== Segment start ==
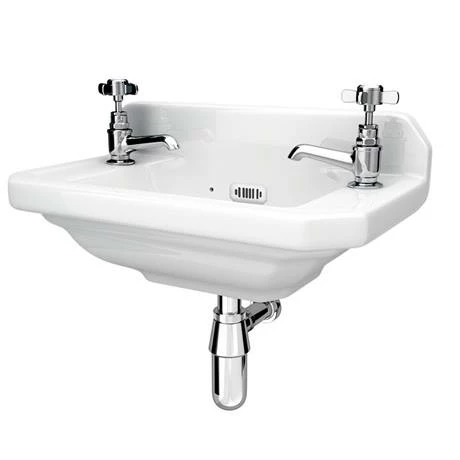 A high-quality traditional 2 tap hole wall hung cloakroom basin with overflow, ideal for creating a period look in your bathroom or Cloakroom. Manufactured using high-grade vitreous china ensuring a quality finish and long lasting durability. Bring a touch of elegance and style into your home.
== Segment end ==
== Segment start ==
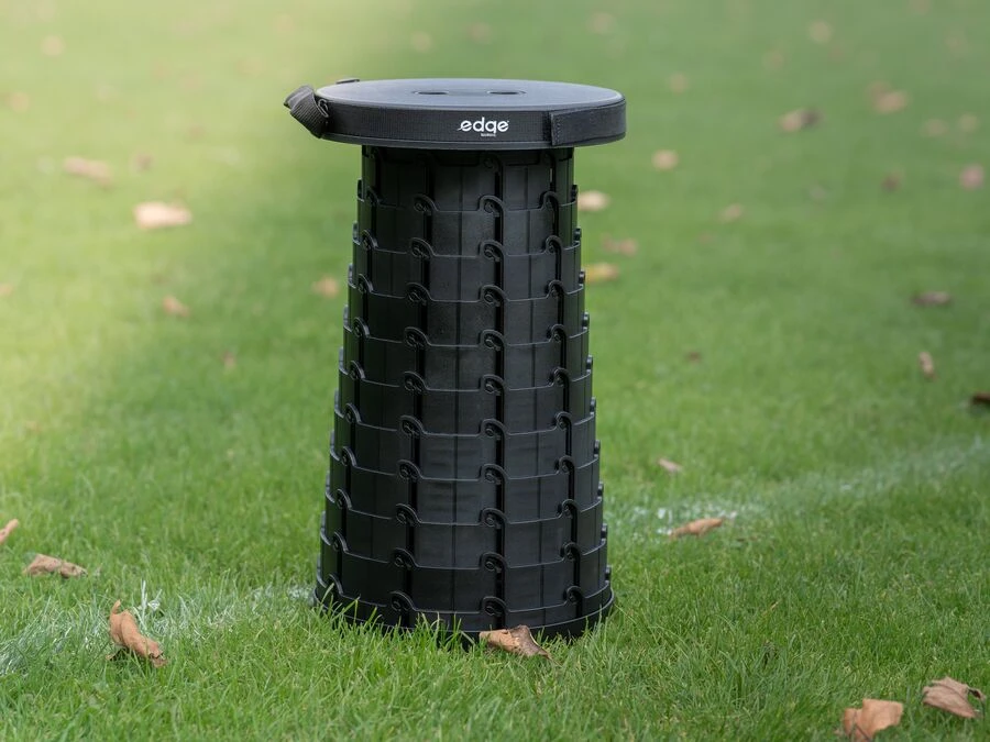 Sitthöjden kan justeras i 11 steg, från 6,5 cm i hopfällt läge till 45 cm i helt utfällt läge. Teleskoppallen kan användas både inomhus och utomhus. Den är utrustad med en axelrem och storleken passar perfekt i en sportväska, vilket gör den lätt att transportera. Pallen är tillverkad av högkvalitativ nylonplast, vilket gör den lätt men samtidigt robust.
== Segment end ==
== Segment start ==
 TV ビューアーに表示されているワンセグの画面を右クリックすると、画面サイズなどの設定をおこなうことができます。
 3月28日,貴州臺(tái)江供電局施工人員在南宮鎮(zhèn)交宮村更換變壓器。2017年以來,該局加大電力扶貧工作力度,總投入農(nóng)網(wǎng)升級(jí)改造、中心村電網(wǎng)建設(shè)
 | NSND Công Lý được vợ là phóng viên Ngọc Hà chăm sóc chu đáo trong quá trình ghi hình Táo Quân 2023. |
== Segment end ==
• [PROBLEM]:
Using the records above, set down exactly the lines from the one with "3月28日,貴州臺(tái)" through the one with "Quân 2023. |", inclusive, and nothing more.

• [EXERCISE RESULT]:
 3月28日,貴州臺(tái)江供電局施工人員在南宮鎮(zhèn)交宮村更換變壓器。2017年以來,該局加大電力扶貧工作力度,總投入農(nóng)網(wǎng)升級(jí)改造、中心村電網(wǎng)建設(shè)
 | NSND Công Lý được vợ là phóng viên Ngọc Hà chăm sóc chu đáo trong quá trình ghi hình Táo Quân 2023. |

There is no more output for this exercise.